四毛子算法是一种可以接近 \(O(n)\) 级求解 \(RMQ\) 问题的算法，正宗的四毛子算法涉及到比较多的知识点且常数较大，我们常常使用朴素的简化版四毛子算法。

正宗四毛子算法引入

1. 什么是笛卡尔树

笛卡尔树如果你接触过平衡树，那将并不会陌生，它是 \(treap\) 的一种，当然常常的，我们为了维护序列上的平衡树，即文艺平衡树，以下标作为键值。

稍微提提与线段树对标的文艺平衡树是什么东西，且它的优势之处。对于普通的平衡树而言，它是一种以值作为比较对象的平衡二叉树，即左子树的值都比当前节点小，右子树则比自身大，那么我们如果将这个值换成下标，则左子树是比自身下标小的数，右子树是比自身下标大的数。那么显而易见，中序遍历拿到的序列，是从下标小的到下标大的，即为原序列。

笛卡尔树是一种 \(treap\)，在满足上述前提，同时满足堆的特性，我们在文艺平衡树中如果以 \(rnk\) 作为它的堆的比较值，那么它就是一棵正儿八经的 \(treap\) 了。

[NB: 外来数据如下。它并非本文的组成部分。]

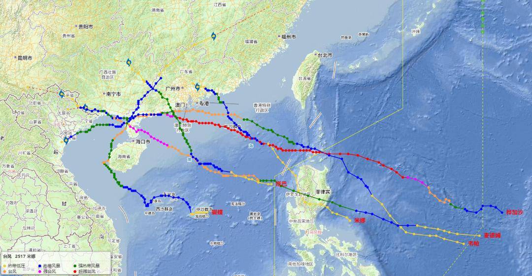 图为2025年登陆广东的6个台风移动路径。图源:中国气象局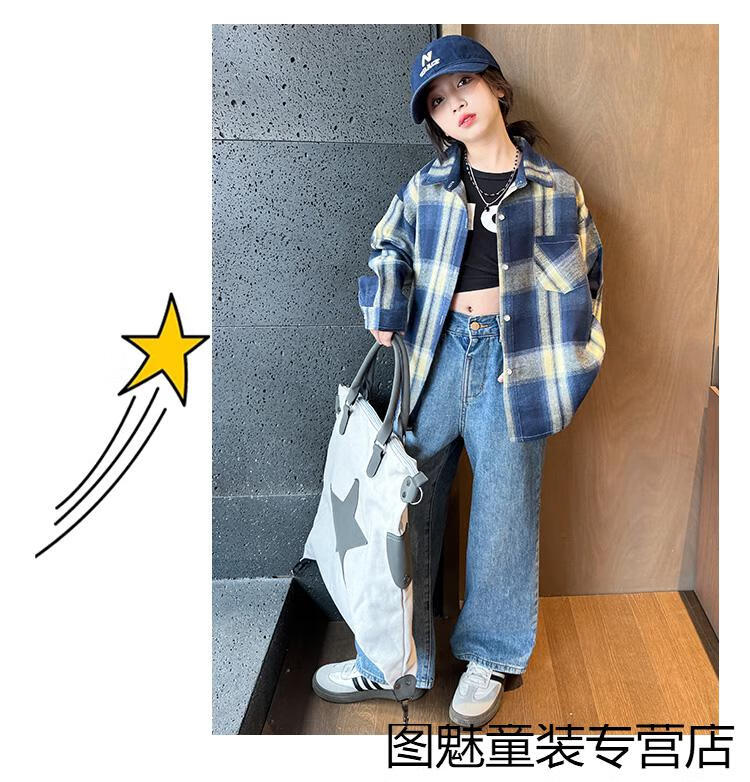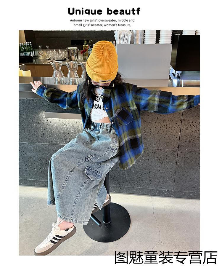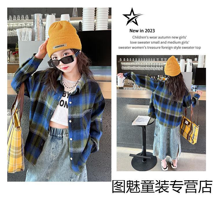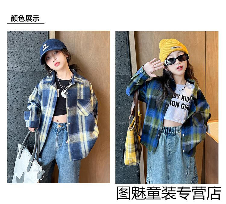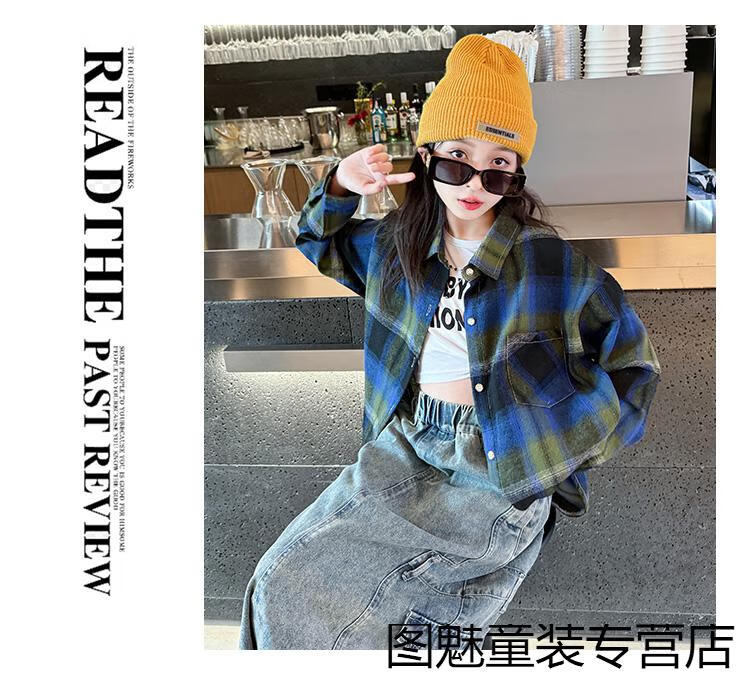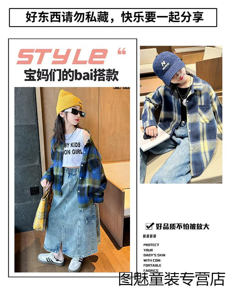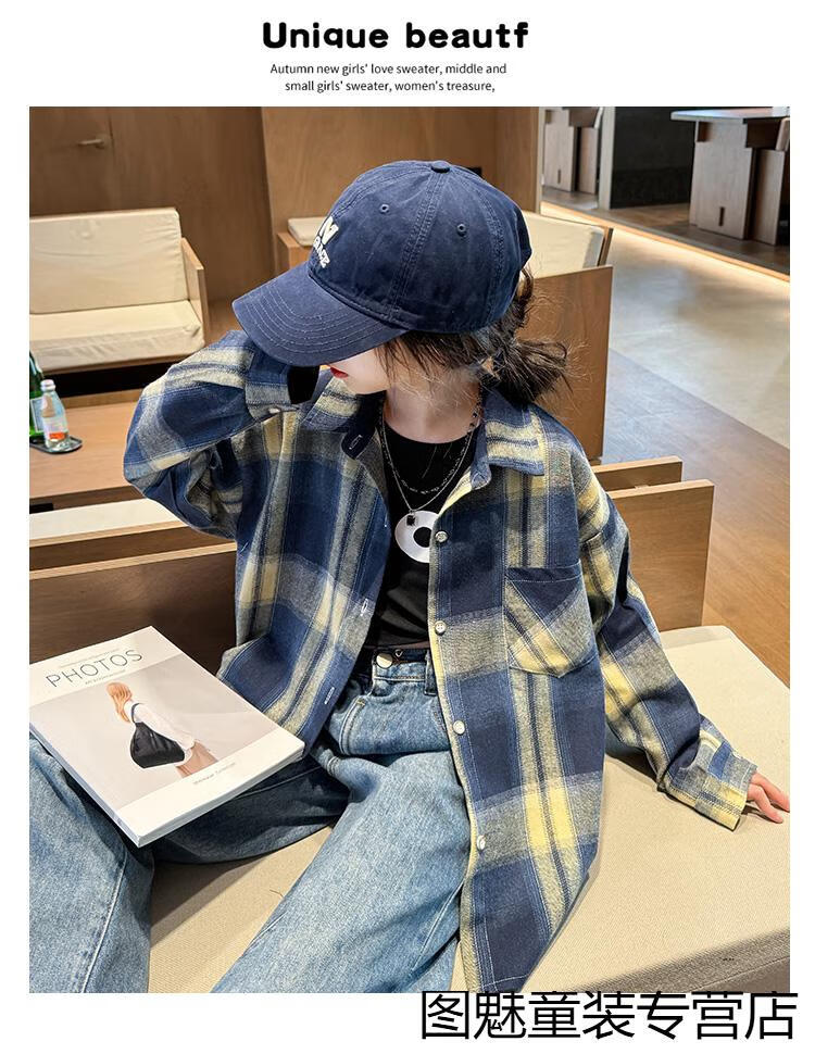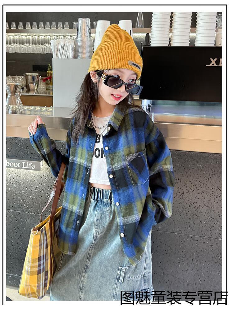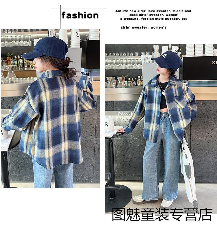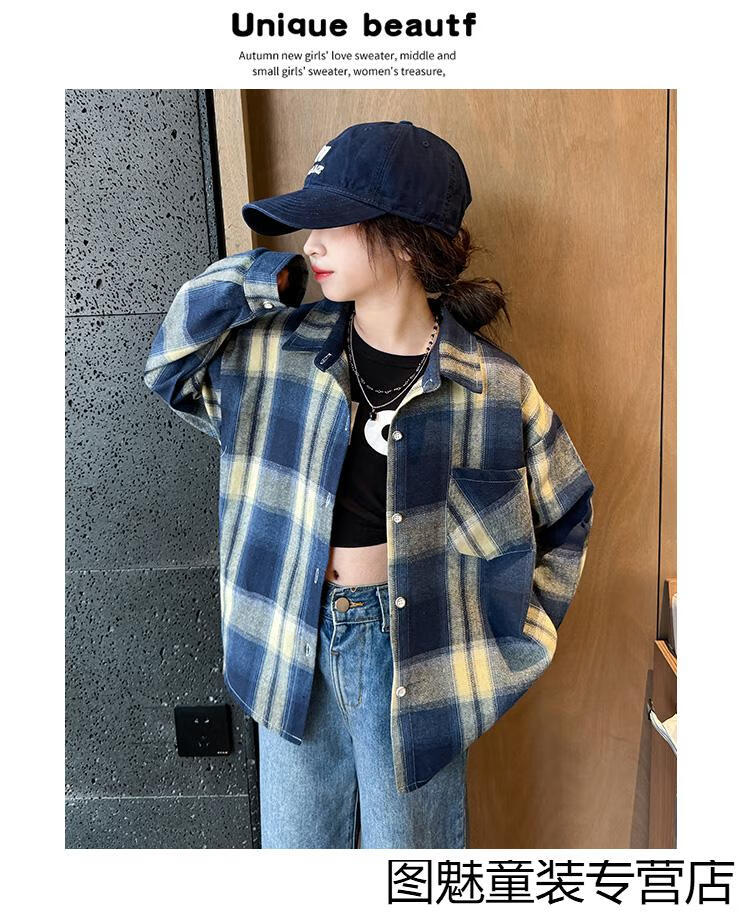 G.duck girls plaid long-sleeved shirt autumn and winter velvet thickening medium and large children's clothing bottoming shirt children's shirt jacket pink 2811 150 cm recommended height 140-150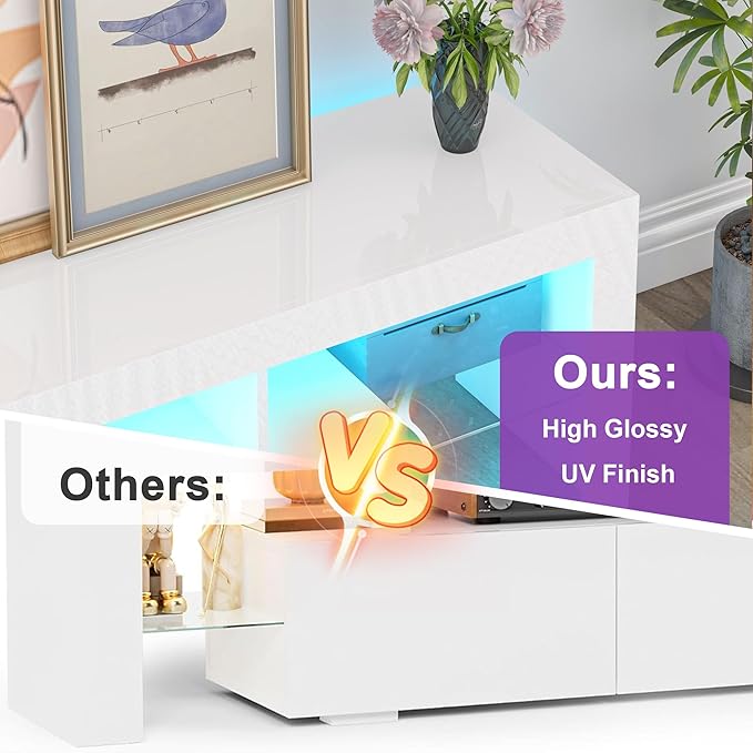 - 【Assembly and Service】- You can complete the installation according to the bedroom TV stand's instruction manual or installation video. If you have any quality or installation problems with the TV entertainment center with storage, we will provide you with excellent after-sales service. PLEASE NOTE: As it is a high gloss TV stand, there is a layer of transparent plastic protective film on the surface, please tear off the protective film after assembly.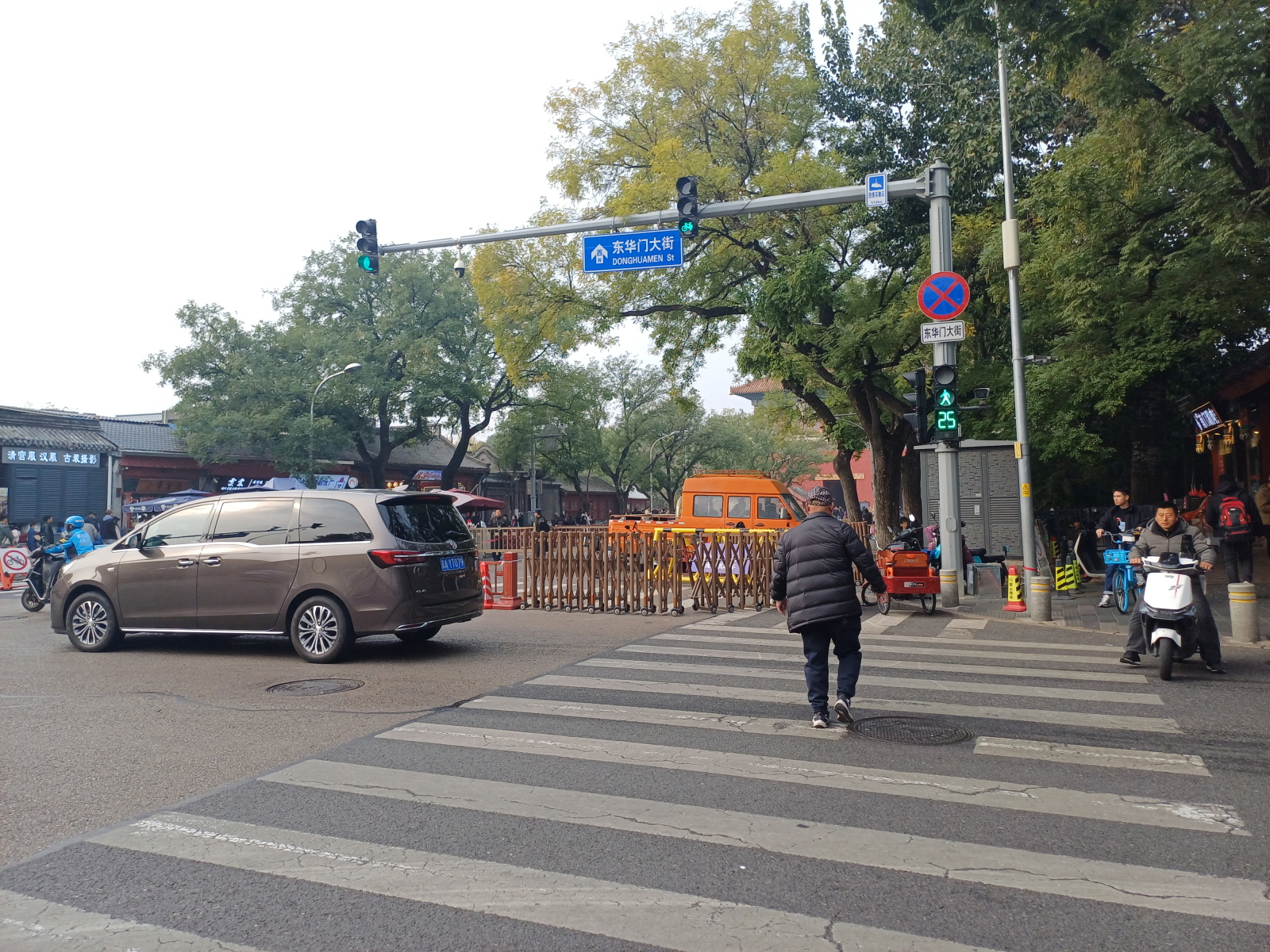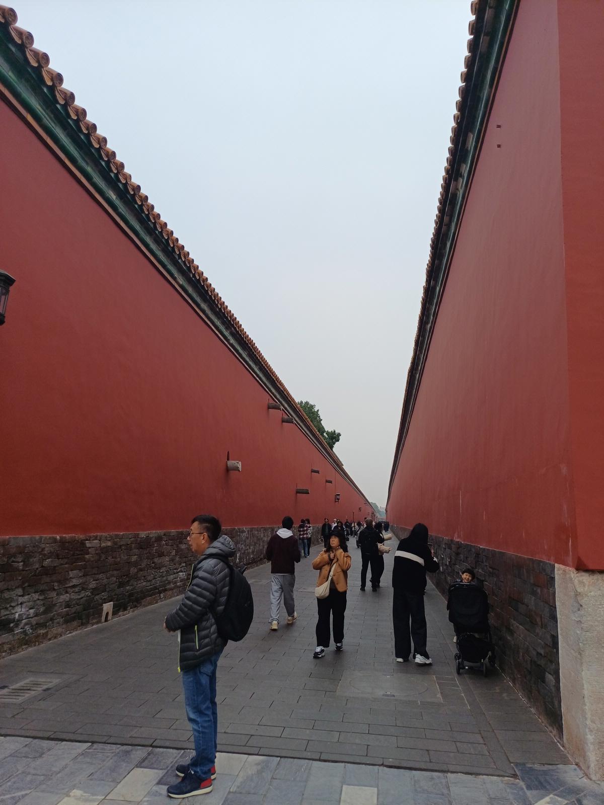 남쪽을 바라보니 멀리 단문(端门)이 보였으며, 천안문 광장 쪽에서 많은 관광객들이 일방통행로를 따라 걸어오고 있었다.

而在 \(RMQ\) 问题中，我们常常以该下标处的值为堆的比较对象。

如图所示，容易看出笛卡尔树不仅下标作为了 \(BST\) 的键值，它的 \(val\) 也作为了堆的优先级，越上面的越小，这是个小根堆。

怎么建树？这里有一种单调栈建法，以小根堆为例，我们单调栈维护 \(val\) 从小到大的递增栈，那么我们从左往右依次加，栈中即为在当前插入点下标更小的元素，对于当前节点来说，如果在它之前且比它大的最后一个元素，显然即为它的左儿子。而栈顶即为最近下标比它小，且值也比它小，理应它为对方的右儿子。

参照大根堆建树代码

int root;
int a[N];
int child[N][2];

inline void build()
{
    stack<int> st;
    forn(i, 1, n)
    {
        int last = 0;
        while (!st.empty() and a[st.top()] < a[i])last = st.top(), st.pop();
        if (!st.empty())child[st.top()][1] = i;
        child[i][0] = last, st.push(i);
    }
    while (!st.empty())
    {
        if (st.size() == 1)root = st.top();
        st.pop();
    }
}

那么笛卡尔树的特点，我们可以用来干嘛？首先最基础的一点，大部分的 \(BST\) 都可以类似线段树一样，从中间往两边递归建树，满足 \(\log{n}\) 的期望高度，而如果我们的 \(treap\) 如果也参照如此，那么很显然会破坏堆的性质，虽然在平衡树当中 \(rnk\) 仅仅只是防止退化，不满足堆的特点也没关系。但我们可以利用这种建树方式，也可以达到 \(O(n)\) 级建造 \(treap\) 类树。

另一个特点，堆的特点。对于 \([l,r]\) 的 \(rmq\) 结果即为它们的 \(LCA\) 对应的值。

稍微证明下：

例如以这个为例，我们容易知道 \(val=10\) 的点的父亲的下标一定是 \(<left_{all}\)，所以这个容易推广到所有情形，对于一个 \(LCA\) 来说它的父亲及其以上部分的点都一定不包括 \([l,r]\) 区间。而从 \(l \rightarrow LCA\) 和 \(LCA \rightarrow r\)，这两条路径中。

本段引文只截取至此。